WHAT TO WORK ON ▸
Please transcribe the data that follows without the pictures, keeping every word the same.

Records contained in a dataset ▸
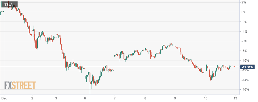Update, December 14: Tesla shares tanked almost 5% to $966.41 on Monday, hitting the lowest levels in five days. The sell-off ensued as the broader Wall Street indices tumbled on fears over the spread of the Omicron covid variant and pre-Fed anxiety. The Fed is likely to deliver a hawkish decision on Wednesday in a bid to combat elevated inflation. The Nasdaq Composite Index (NASDAQ) lost 1.4% of its value, prompting Tesla's stock price to lose the $1,000 mark.
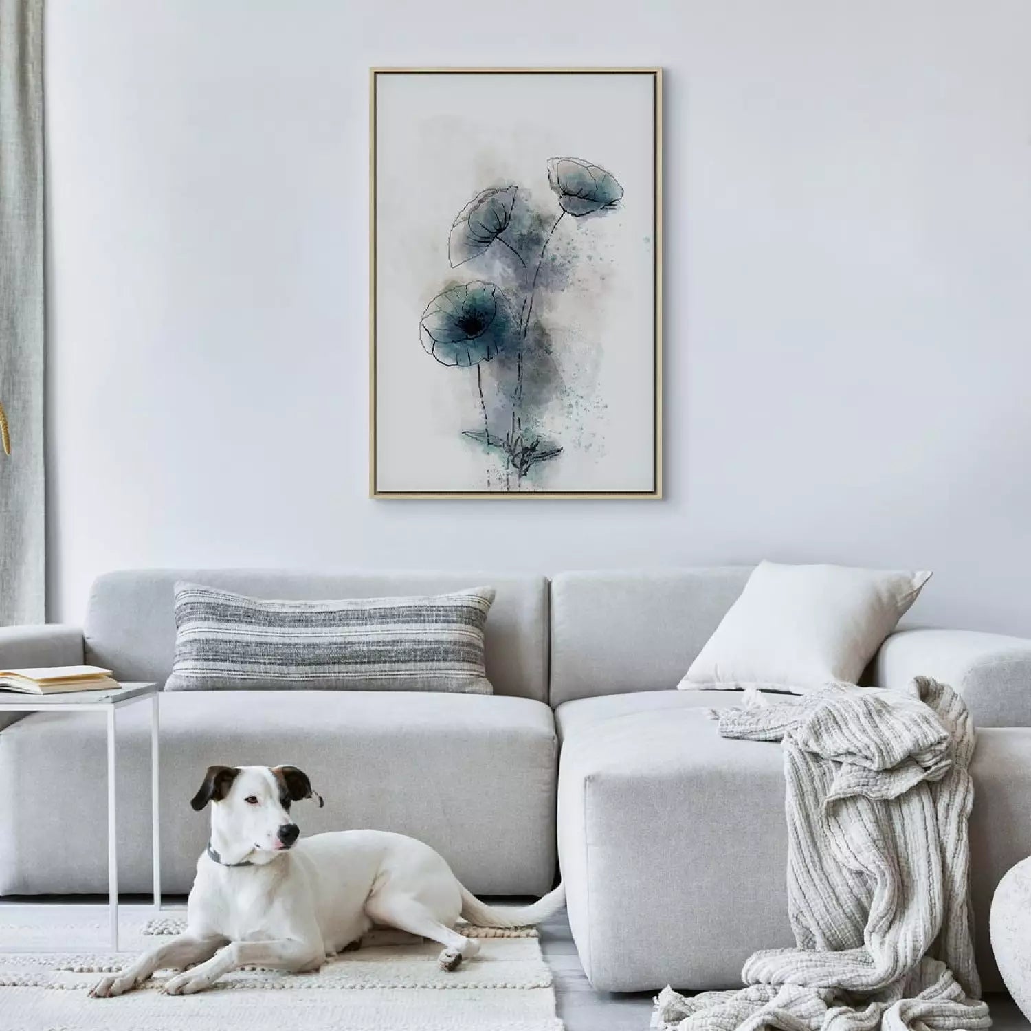 Glezna koka rāmī (dabīgā krāsā) - abstraktas zilas magones, 131974
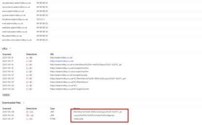 https://www.virustotal.com/gui/domain/adamridley.co.uk/relations
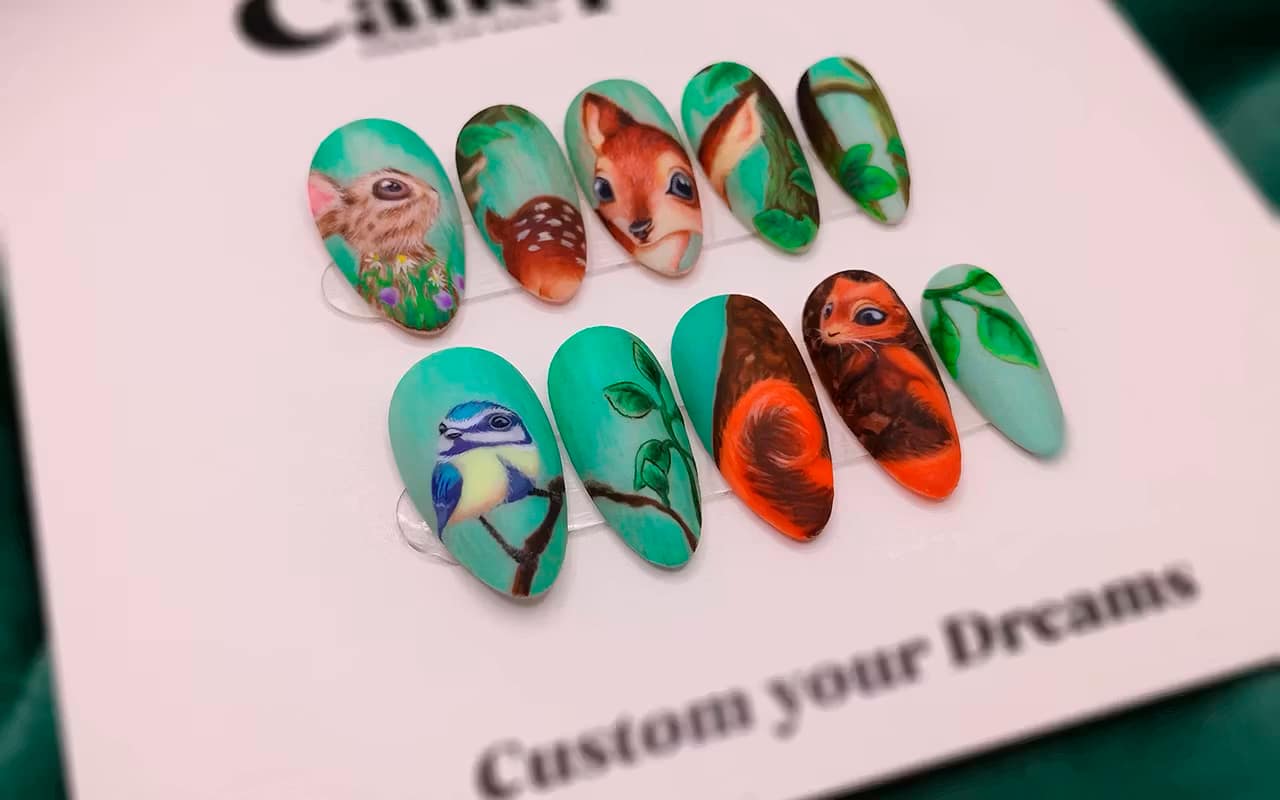 Les coffrets Nailart press-on nails Canopée sont entièrement peints à la main. Ils vous offrent la liberté de porter et retirer vos capsules quand vous le souhaitez.
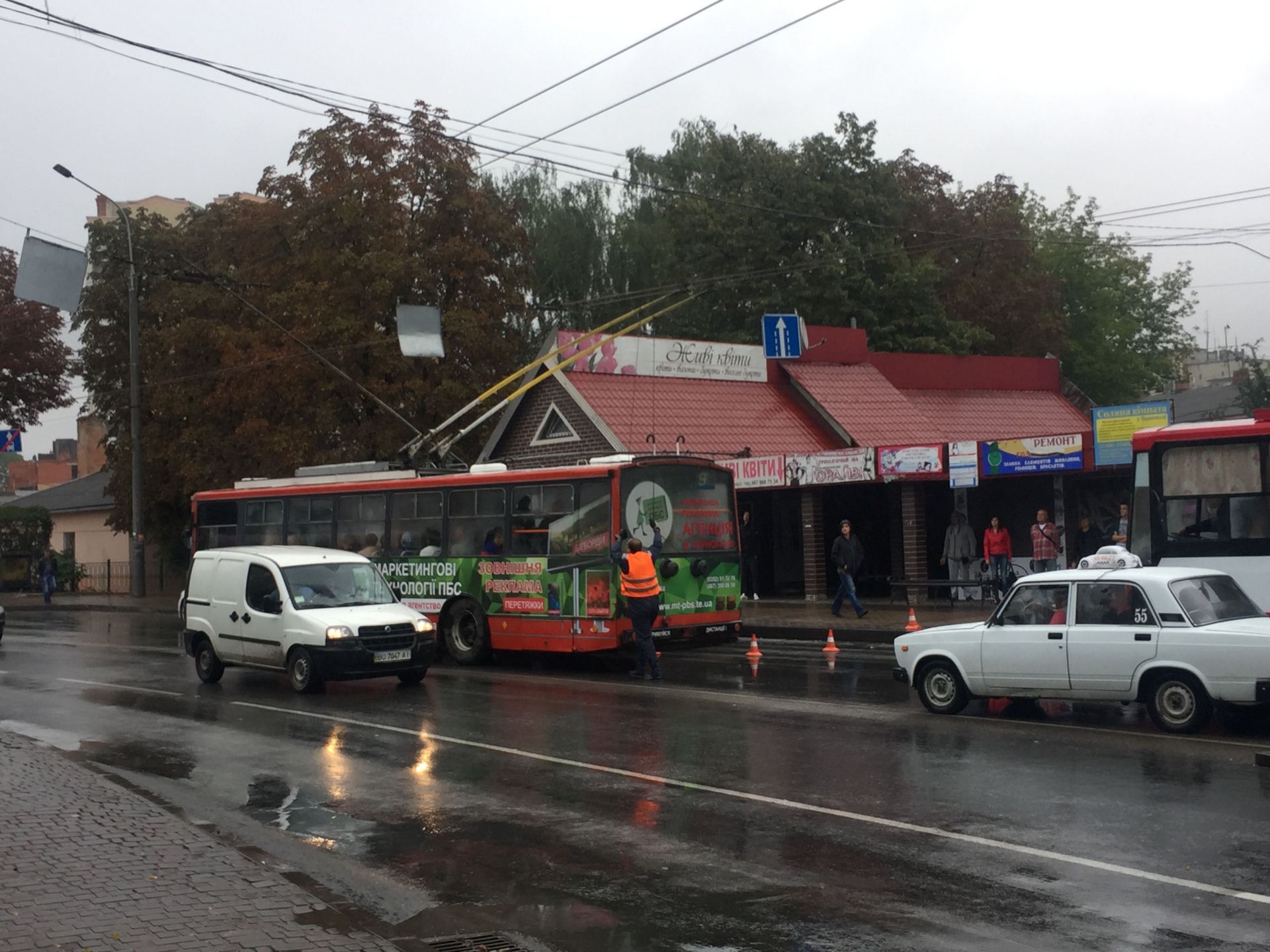 В тролейбуса обірвались електродроти, його водій допомагає об"їхати іншим тролейбусам.
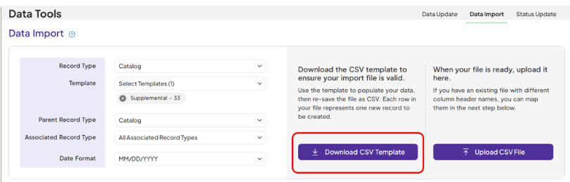 | 7 | Click 'Download CSV Template' button.![]() | ||

EXPECTED ANSWER ▸
Update, December 14: Tesla shares tanked almost 5% to $966.41 on Monday, hitting the lowest levels in five days. The sell-off ensued as the broader Wall Street indices tumbled on fears over the spread of the Omicron covid variant and pre-Fed anxiety. The Fed is likely to deliver a hawkish decision on Wednesday in a bid to combat elevated inflation. The Nasdaq Composite Index (NASDAQ) lost 1.4% of its value, prompting Tesla's stock price to lose the $1,000 mark.
 Glezna koka rāmī (dabīgā krāsā) - abstraktas zilas magones, 131974
 https://www.virustotal.com/gui/domain/adamridley.co.uk/relations
 Les coffrets Nailart press-on nails Canopée sont entièrement peints à la main. Ils vous offrent la liberté de porter et retirer vos capsules quand vous le souhaitez.
 В тролейбуса обірвались електродроти, його водій допомагає об"їхати іншим тролейбусам.
 | 7 | Click 'Download CSV Template' button.![]() | ||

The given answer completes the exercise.